Маленький, еле различимый прямоугольник фотографии, обведенный металлической рамкою, маячил в простенке между окнами за разномасштабными статистами статуй, притягивая меня. Я прошла между неравновеликими спортсменками, пионерами, вождями, поэтами; то была фотография очередного белого арапа с альпенштоком.
— Между прочим, это фото из архива Веры Игнатьевны Мухиной, хозяйка мастерской очень им дорожит.
— Скульптура Мухиной?
— Нет, это работа ее любимого ученика, очень известного альпиниста. Там на обороте наклейка.

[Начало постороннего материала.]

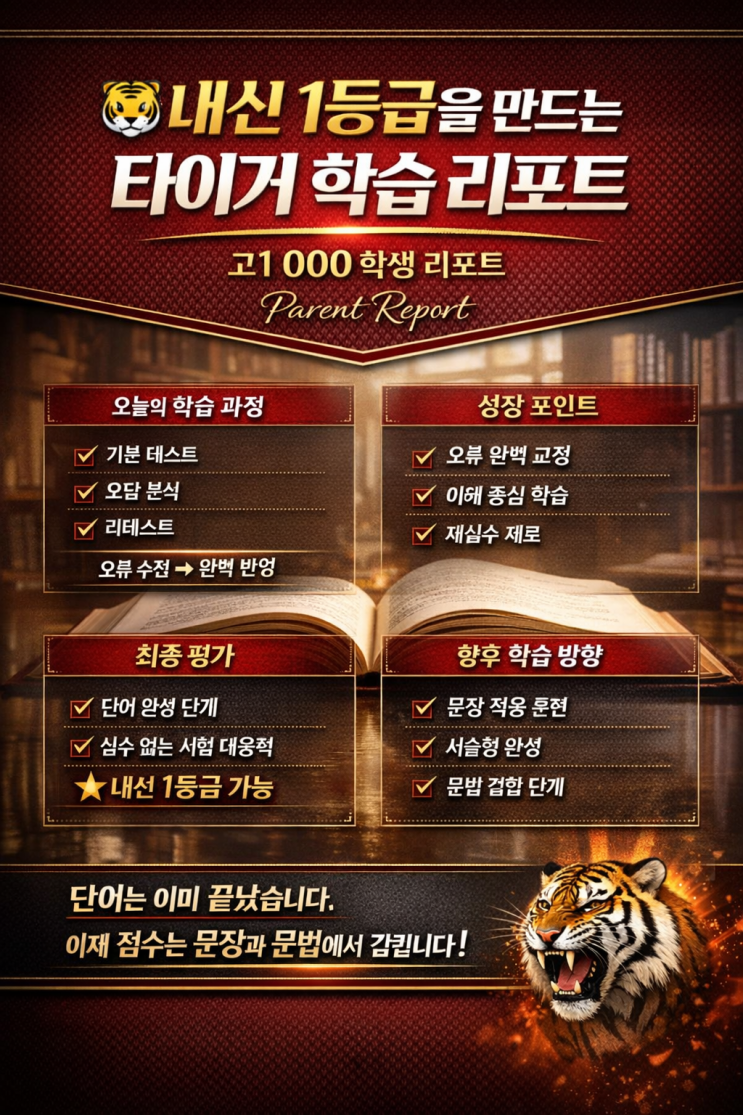 단어 학부모 리포트 1. 오늘 수업 구조 (타이거 방식) 금일 수업은 단순 암기 확인이 아닌, **“실제 시험에서 점수를 만들어내는 구조”**로 진행되었습니다. **“틀린 문제를 다시 틀리지 않게 만드는 구조”**로 진행 2. 평가 결과 (단순 점수 이상의 의미) 단순 점수가 아니라 “오류를 제거하는 능력”이 확인된 결과 3. 오늘 수업에서 확인된 ‘진짜 실력’ 오늘 수업에서 가장 인상적이었던 부분은 단순히 정답을 맞히는 것이 아니라, **“틀린 이유를 이해하고 다시는 틀리지 않는 구조”**를 만들어냈다는 점입니다. 암기형 학생이 아니라 “이해형 상위권 학생”으로 성장 중 4. 약....... <img src="https://blogthumb.pstatic.net/MjAyNjA0MDVfNjAg/MDAxNzc1MzY4MDA4OTUw.ys1j-OjOID1KwNPqSm8Y9iAGv9DFBJCE_vVmdOFeyzsg.rMxsNR9lD0NQb49q4-Ai_8S7ckSPVfkaBJe8aHuvPUAg.PNG/%C5%B8%C0%CC%B0%C5_%C7%D0%BD%C0_%B8%AE%C6%F7%C6%AE__%B3%BB%BD%C5_1%B5%EE%B1%DE.png?type=s3" />

“Е. Абалаков. „Альпинист“”, — прочла я.
— Фантастика!
— Ты о нем слышала?
— Я не знала, что он был любимый ученик Мухиной. Надо же. Художественный вуз. Почти родственник. Почти однокурсник.

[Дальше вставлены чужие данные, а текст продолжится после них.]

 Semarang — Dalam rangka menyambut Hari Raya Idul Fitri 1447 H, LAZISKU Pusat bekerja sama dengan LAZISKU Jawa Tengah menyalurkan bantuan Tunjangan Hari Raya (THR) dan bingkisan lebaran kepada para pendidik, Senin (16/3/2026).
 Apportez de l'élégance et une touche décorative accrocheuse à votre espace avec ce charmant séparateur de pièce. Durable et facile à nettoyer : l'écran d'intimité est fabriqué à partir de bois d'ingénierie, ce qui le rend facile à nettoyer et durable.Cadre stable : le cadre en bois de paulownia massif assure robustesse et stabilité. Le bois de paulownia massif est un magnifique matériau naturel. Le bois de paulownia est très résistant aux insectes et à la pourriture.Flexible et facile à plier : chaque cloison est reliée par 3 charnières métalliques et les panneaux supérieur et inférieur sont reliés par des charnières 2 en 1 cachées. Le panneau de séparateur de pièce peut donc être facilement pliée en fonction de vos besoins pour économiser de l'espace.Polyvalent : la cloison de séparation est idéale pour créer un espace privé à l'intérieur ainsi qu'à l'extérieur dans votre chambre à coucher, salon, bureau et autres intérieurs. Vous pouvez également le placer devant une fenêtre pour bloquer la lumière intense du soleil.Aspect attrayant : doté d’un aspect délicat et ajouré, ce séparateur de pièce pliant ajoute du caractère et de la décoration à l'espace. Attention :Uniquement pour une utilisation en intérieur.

— Подруге рассказывали о нем две приятельницы Мухиной, старушки, они его прекрасно помнили. Он ведь погиб молодым.
— Утонул в ванне…
— Почему именно утонул? Погиб в ванной комнате чужой коммуналки вместе с сослуживцем, тоже альпинистом. По легенде, отравились газом из-за неисправной колонки. Жильцы обнаружили утром два трупа.
— А жильцы почему тем же газом не отравились? Нешто у них ванная была загерметизирована?

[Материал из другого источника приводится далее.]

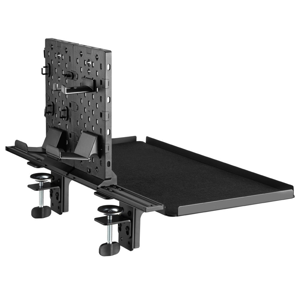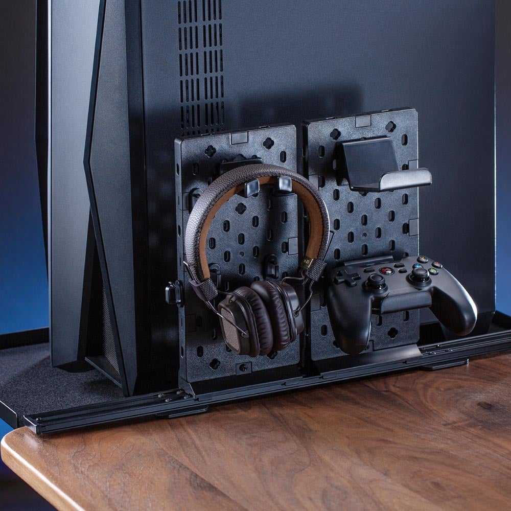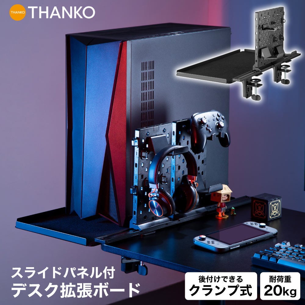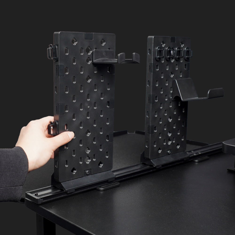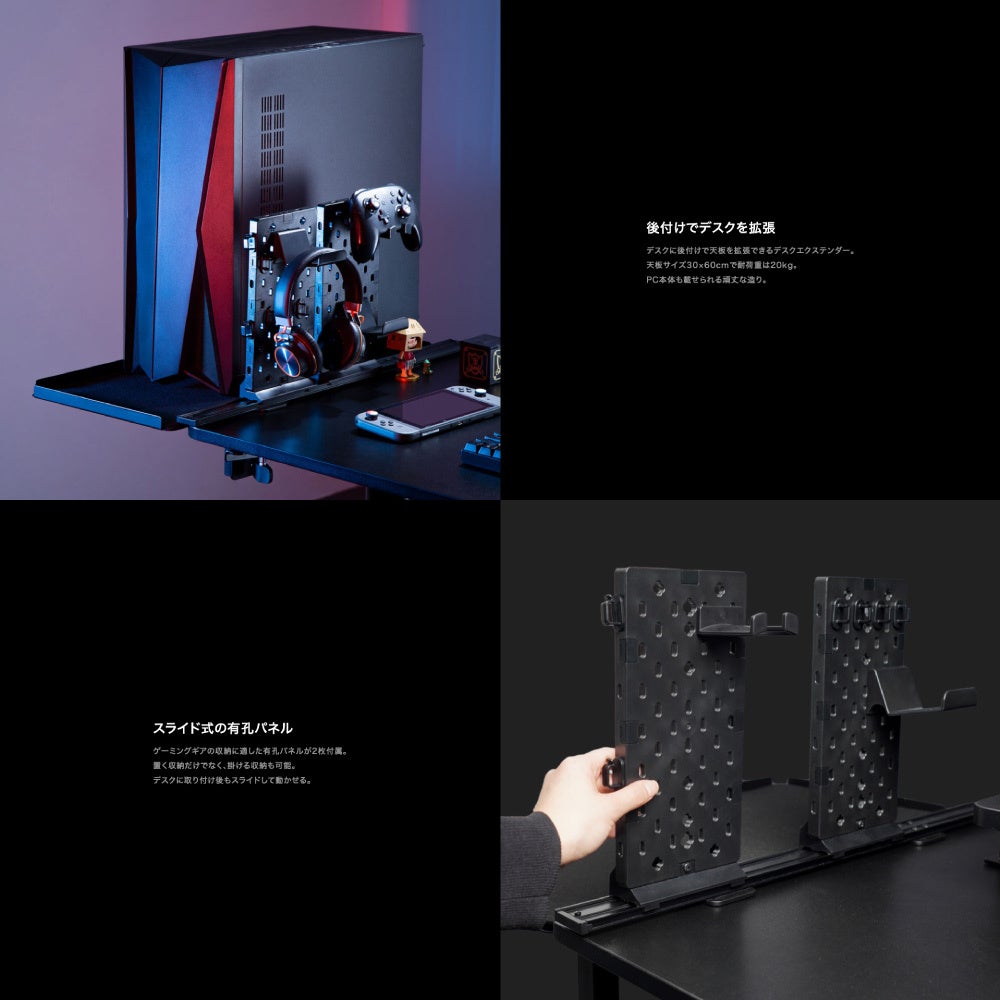 デスクを拡張&スライド式の有孔パネルでゲーミングギアの収納ができる

— Странная история, согласна. Говорят, они были в подпитии.
— Двое погибших или вся коммуналка? Как ты себе все это представляешь? Пришли в чужую квартиру помыться, мылись до утра, пока не померли? Какой это был год? Где это было?
— 1948-й, Москва. Насчет того, чтобы у кого-то мыться, я не удивляюсь, я тебе только что рассказывала, как мы всем домом мылись в душевой у истопниц. Но вот вдвоем влезть в ванну… может, они были педики?
— Если вдвоем влезли в ванну, тут и газ не нужен. Нужно невзначай рюхнуть в воду включенный электроприбор, — например, рефлектор, настольную лампу, электробритву, фен, что угодно. И — привет, два хладных трупа. До утра вся квартира совещается, что делать, и ломает колонку.
— Кто-то подруге в Москве намекал, что их ядом отравили, а потом инсценировали отравление газом. Страшная история про происки НКВД. В частях которого, кстати, во время войны состояли на Кавказе оба погибших. А сам Абалаков обучил альпинизму все отряды особого назначения Кавказа.
— Нелепая инсценировка, правда?
— Думаю, на правдоподобие ее никто не проверял и не оценивал.
— Как в дурном сне, — сболтнула было я, осеклась, вспомнив свой сон про коммуналку, двух умирающих за стеной, шаги на лестнице.
В окно — мастерская находилась на первом этаже — со двора стучали.
— Открывайте, цыпочки, не то сам войду!
— Войдите, если не дьявол! — произнесла Ольга, сбрасывая дверную цепочку, откидывая крючок.
— Это она? — спросил вошедший, указуя на меня.
— Нет, это моя подружка, — отвечала Москвина, пояснив мне: — Я ждала натурщицу, но она не пришла.
— А чем эта наша кралечка не натурщица? — осведомился вошедший, разматывая шарф и нагло глядя на меня. — Хоть одетую, хоть обнаженную пиши, можно и лепить, можно художественное фото. Кудри рыжие, коленки круглые, мушка на плече.
У меня вправду была родинка на плече, под свитером и жилеткою, я залилась румянцем, схватила шубейку, которую, пользуясь моим замешательством, вошедший нахал у меня отобрал. Не знаю почему, я не могла отбрить, отшить его, как обычно легко отшивала не в меру дерзких напористых ухажеров.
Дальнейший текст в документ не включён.